◆ **WORK REQUEST**
Word for word, print out all of the data, omitting every image.

*** Opening of INFORMATION PROVIDED ***

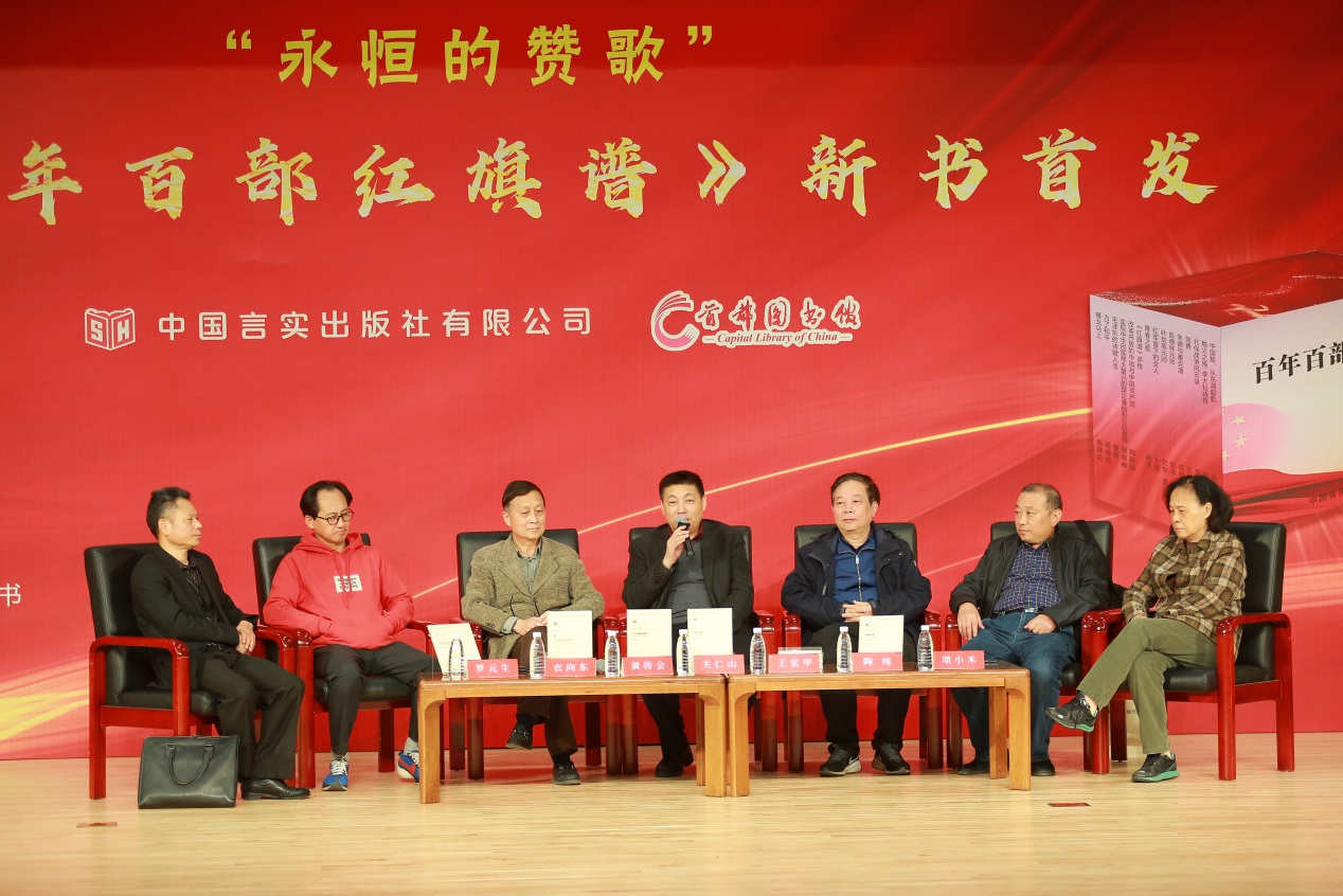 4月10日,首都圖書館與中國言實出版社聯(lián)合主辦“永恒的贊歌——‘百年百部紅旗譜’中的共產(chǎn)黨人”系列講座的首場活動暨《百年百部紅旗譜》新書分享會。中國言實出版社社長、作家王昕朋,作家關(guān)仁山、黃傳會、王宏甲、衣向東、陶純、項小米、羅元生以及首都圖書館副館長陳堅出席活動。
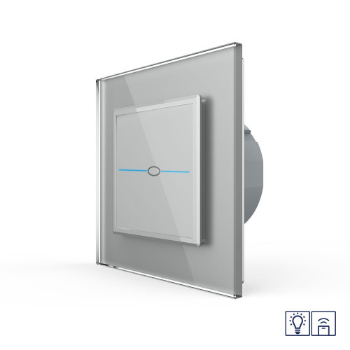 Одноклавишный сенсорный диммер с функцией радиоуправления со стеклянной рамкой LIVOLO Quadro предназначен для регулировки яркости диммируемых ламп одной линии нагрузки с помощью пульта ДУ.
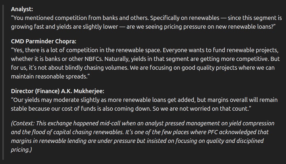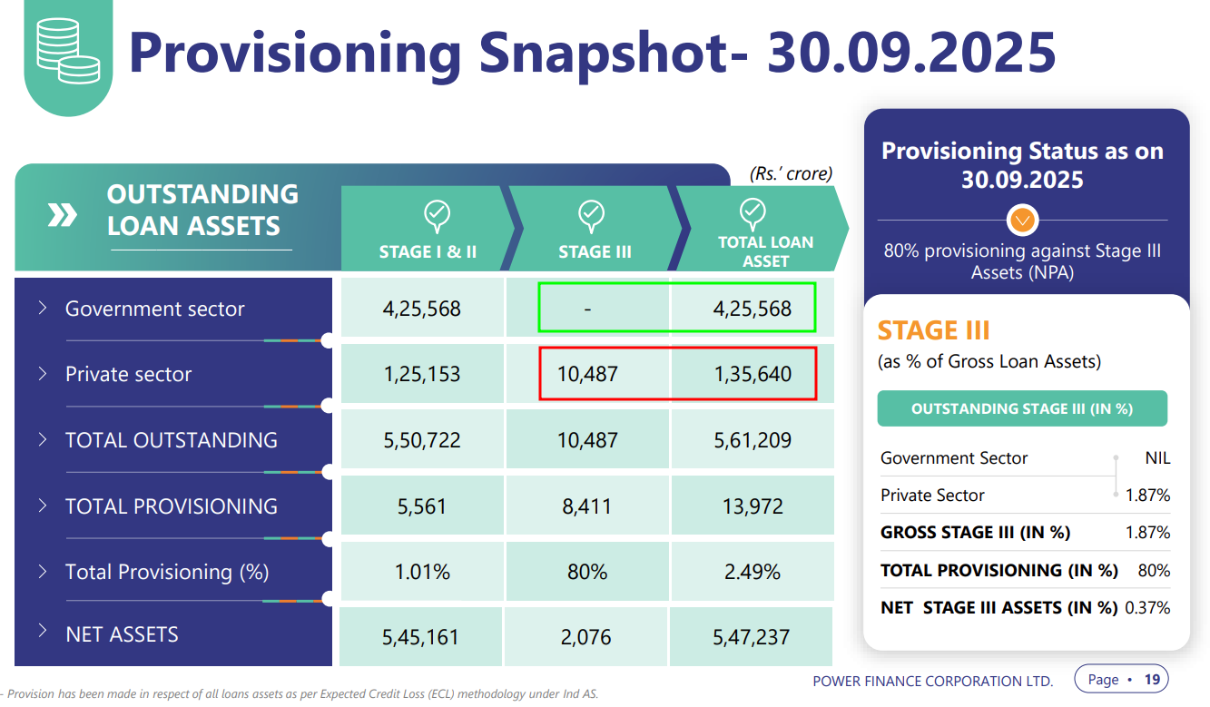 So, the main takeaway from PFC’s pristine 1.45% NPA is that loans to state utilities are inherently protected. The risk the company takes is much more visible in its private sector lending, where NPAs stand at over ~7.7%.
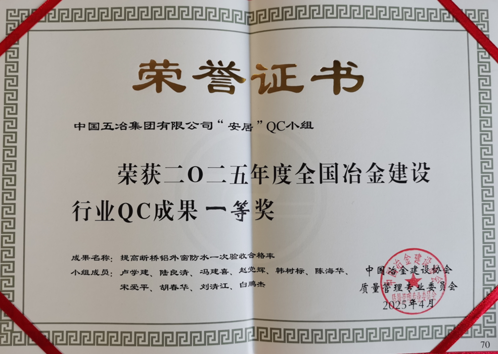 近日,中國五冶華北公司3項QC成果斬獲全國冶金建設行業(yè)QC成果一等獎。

*** Close of INFORMATION PROVIDED ***

◆ **TASK SOLUTION**
 4月10日,首都圖書館與中國言實出版社聯(lián)合主辦“永恒的贊歌——‘百年百部紅旗譜’中的共產(chǎn)黨人”系列講座的首場活動暨《百年百部紅旗譜》新書分享會。中國言實出版社社長、作家王昕朋,作家關(guān)仁山、黃傳會、王宏甲、衣向東、陶純、項小米、羅元生以及首都圖書館副館長陳堅出席活動。
 Одноклавишный сенсорный диммер с функцией радиоуправления со стеклянной рамкой LIVOLO Quadro предназначен для регулировки яркости диммируемых ламп одной линии нагрузки с помощью пульта ДУ.
 So, the main takeaway from PFC’s pristine 1.45% NPA is that loans to state utilities are inherently protected. The risk the company takes is much more visible in its private sector lending, where NPAs stand at over ~7.7%.
 近日,中國五冶華北公司3項QC成果斬獲全國冶金建設行業(yè)QC成果一等獎。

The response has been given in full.